You might need to bitcast this back to Src.getValueType() - its less likely for scalars but IsNOT can peek through bitcasts

This revision is now accepted and ready to land.Dec 14 2022, 5:32 AM
e-kud updated this revision to Diff 483070.Dec 14 2022, 7:05 PM

Rebased and added a bitcast of IsNOT.

e-kud marked an inline comment as done.Dec 14 2022, 7:10 PM
e-kud added inline comments.
llvm/lib/Target/X86/X86ISelLowering.cpp
48209

Indeed, I added a test where a result of xor is bitcasted and got a failed assertion.
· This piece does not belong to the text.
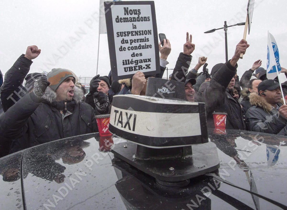 Taxi drivers take part in an anti-Uber protest at Trudeau Airport Wednesday, February 10, 2016 in Montreal. Time is running out for the Quebec government and ride-hailing service Uber to agree to a pilot project in the province. THE CANADIAN PRESS/Ryan Remiorz

Thank you!

e-kud retitled this revision from [X86] Support ANDNP combine through broadcast instructions with scalar input to [X86] Support ANDNP combine through vector_shuffle.Dec 14 2022, 7:12 PM
e-kud edited the summary of this revision. (Show Details)
pengfei accepted this revision.Dec 21 2022, 3:50 AM
e-kud updated this revision to Diff 484536.Dec 21 2022, 4:44 AM
e-kud marked an inline comment as done.

Rebased.

RKSimon accepted this revision.Dec 21 2022, 1:39 PM

LGTM

This revision was automatically updated to reflect the committed changes.